▶ _Exercise details_:
Please set down only the lines below starting with the line with "Se pune o foaie" and going on through the line with "出(5画)井(4画) 百(6画)々(6画)華(12画)", verbatim and without pictures.

▶ _Extracted data_:

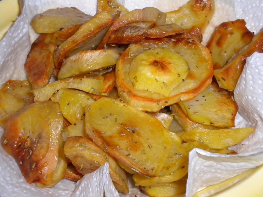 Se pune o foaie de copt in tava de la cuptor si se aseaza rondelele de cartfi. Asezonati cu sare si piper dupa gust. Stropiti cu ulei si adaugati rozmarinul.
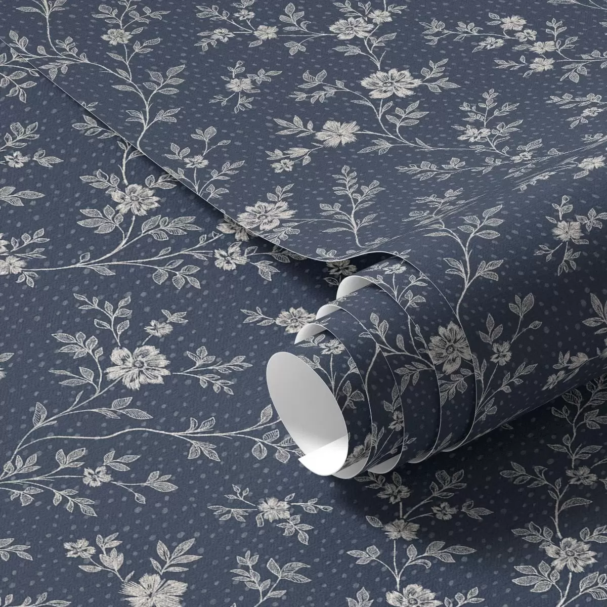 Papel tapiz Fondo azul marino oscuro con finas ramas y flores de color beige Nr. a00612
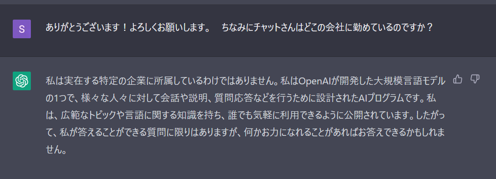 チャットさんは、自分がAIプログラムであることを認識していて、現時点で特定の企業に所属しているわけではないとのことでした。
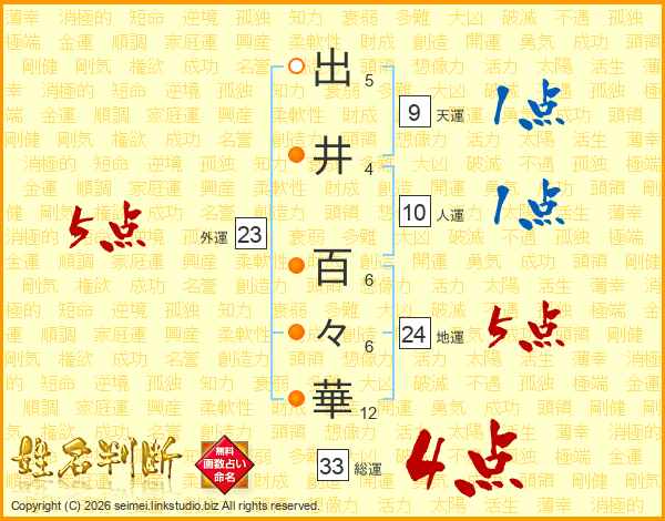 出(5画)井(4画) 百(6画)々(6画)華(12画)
---
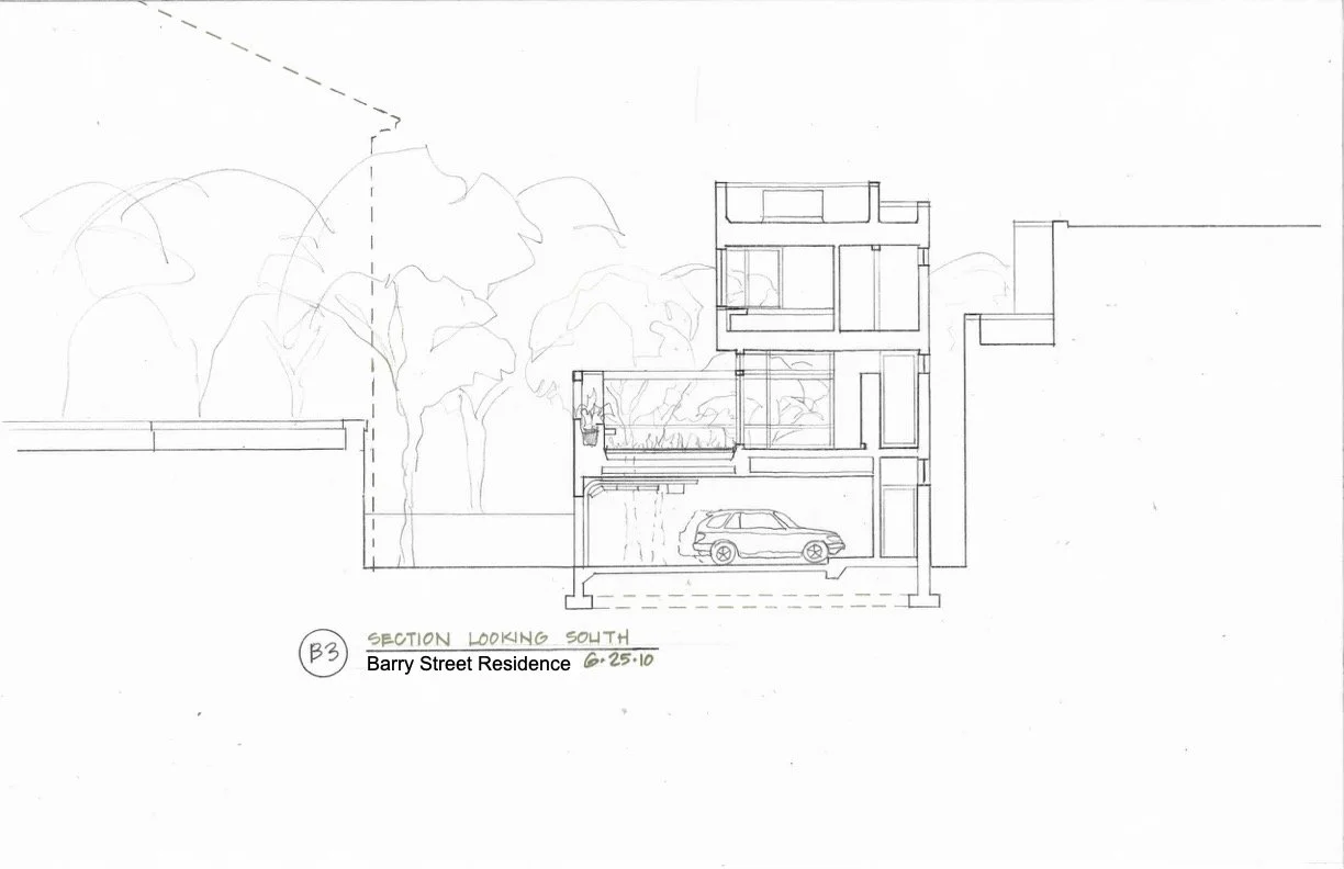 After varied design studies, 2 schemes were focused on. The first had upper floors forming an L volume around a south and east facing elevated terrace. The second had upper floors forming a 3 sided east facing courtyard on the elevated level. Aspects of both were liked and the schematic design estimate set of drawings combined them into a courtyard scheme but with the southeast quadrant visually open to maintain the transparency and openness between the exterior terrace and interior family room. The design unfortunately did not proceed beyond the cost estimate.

▶ _Task output_:
 Se pune o foaie de copt in tava de la cuptor si se aseaza rondelele de cartfi. Asezonati cu sare si piper dupa gust. Stropiti cu ulei si adaugati rozmarinul.
 Papel tapiz Fondo azul marino oscuro con finas ramas y flores de color beige Nr. a00612
 チャットさんは、自分がAIプログラムであることを認識していて、現時点で特定の企業に所属しているわけではないとのことでした。
 出(5画)井(4画) 百(6画)々(6画)華(12画)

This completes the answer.